Das spezielle Odeur von Sperma zweifelt ja auch keiner an

Und ja, auch der gesunde Intimbereich riecht. Nicht nach Fisch, sondern leicht säuerlich. Das liegt an den Milchsäurebakterien, die im Ausfluss enthalten sind. Über den Tag kommen noch Schweiß und vielleicht ein paar Pipitröpfchen dazu, was den Geruch natürlich intensiviert (und beim Penis übrigens das gleiche Spiel ist). Auch Menstruationsblut ist nicht geruchslos. Aber ebenso wie niemand ernsthaft das spezielle Odeur von Sperma anzweifelt, könnten wir uns (und dazu gleich alle anderen) mit dem weiblichen „Reproduktionsgeruch“ ruhig mal aussöhnen.

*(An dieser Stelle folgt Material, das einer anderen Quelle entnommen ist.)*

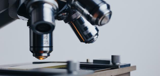 المجهر الضوئي يحتوي على عدستين لتكبير الأشياء.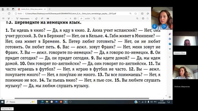 Фрагмент урока № 2 Немецкий язык Вопросит предложения, текст перевод предложений на русский

Auch das weibliche „Spritzen“ löste lange Zeit Befremdung aus – bei Frauen wie Männern. Bis zum 17. Jahrhundert in der Literatur ausführlich beschrieben, war die Ejakulation der Frau danach bis in die achtziger Jahre wie ausgelöscht. Flüssigkeiten während des Geschlechtsverkehrs abzusondern war ja auch eindeutig Männersache. Forscher sind sich bis heute nicht einig, woraus die Ejakulationsflüssigkeit denn nun bestehe, und ob es gar unterschiedliche Versionen von ihr gibt. Klar ist: Es handelt sich hierbei nicht eindeutig um Urin (zumindest nicht ausschließlich). Und dann gab es doch noch eine Art Rehabilitation: Durch den Hype in Pornos ist „Squirting“ in den letzten Jahren dann doch fast salonfähig geworden. Außer in Großbritannien. Da ist Spritzen in Pornos tatsächlich verboten, weil hochgradig obszön. Doch zumindest hierzulande werden die meisten jungen Frauen und ihre Partner wissen, was los ist, wenn es mal wieder feuchter wird beim Orgasmus oder kurz davor. Wer hätte gedacht, dass Pornos auch mal zu irgendetwas gut sein werden?